= André Tylee =

André Tylee (born 1955) holds the Emeritus Chair of Primary Care Mental Health at the Institute of Psychiatry, Psychology and Neuroscience, King's College London. He used to oversee the primary care research program for the Institute and for the Maudsley Hospital in London, before retirement from the post of Academic Director for Mood and Personality Disorders at Kings Health Partners. He was a general practitioner from 1980-2001 in Sutton, Surrey, his main research interest was the recognition and management of clinical depression and anxiety in primary care, particularly in those with coronary heart disease, running a National Institute for Health and Care Research (NIHR) funded research programme named UPBEAT.

Tylee held a national mental health leadership fellowship for the RCGP, Mental Health Foundation and Department of Health in the early 1990s and helped represent the RCGP on the Defeat Depression Campaign with the Royal College of Psychiatrists who led the 5 year national campaign to educate the public and professionals about depression.

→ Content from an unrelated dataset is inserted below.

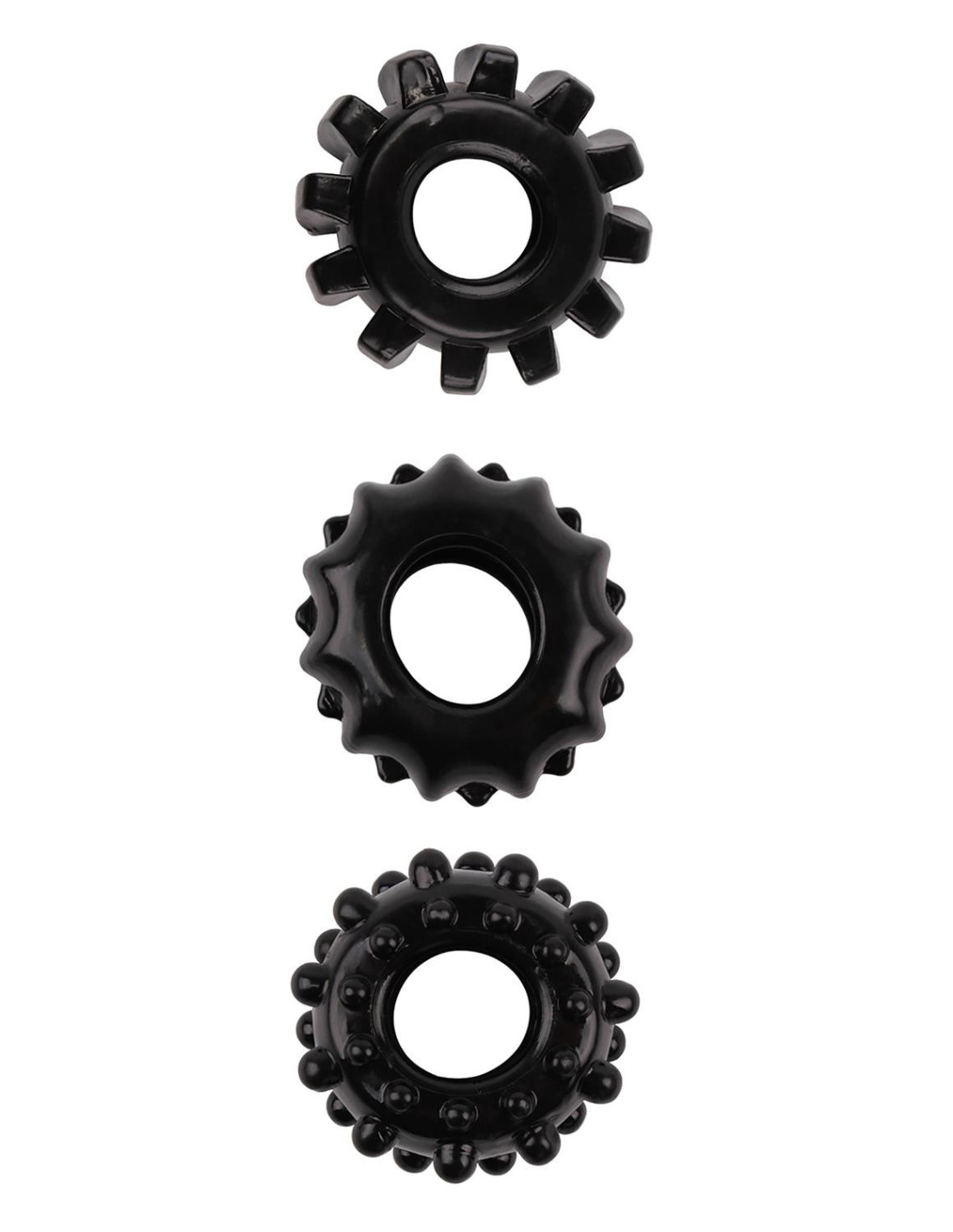 This set of 3 penis rings from the All Time Favorites label features 3 different textures. They are stretchy and because of their tight fit they ensure hard and long lasting erections, while the texture stimulates her during intercourse. Set of 3 penis rings.Various textures. Stretchy. Tight fit.

At the same time he co-founded "Trailblazers," a nationwide training and leadership program in which general practitioners, nurses, and other primary care workers join a partner from a specialist mental health team to work on a project to improve their local mental health services. The program had over 600 graduates in England and was extended to the U.S., Australia, and New Zealand., funded by IIMHL and led by Dr Anand Chitnis.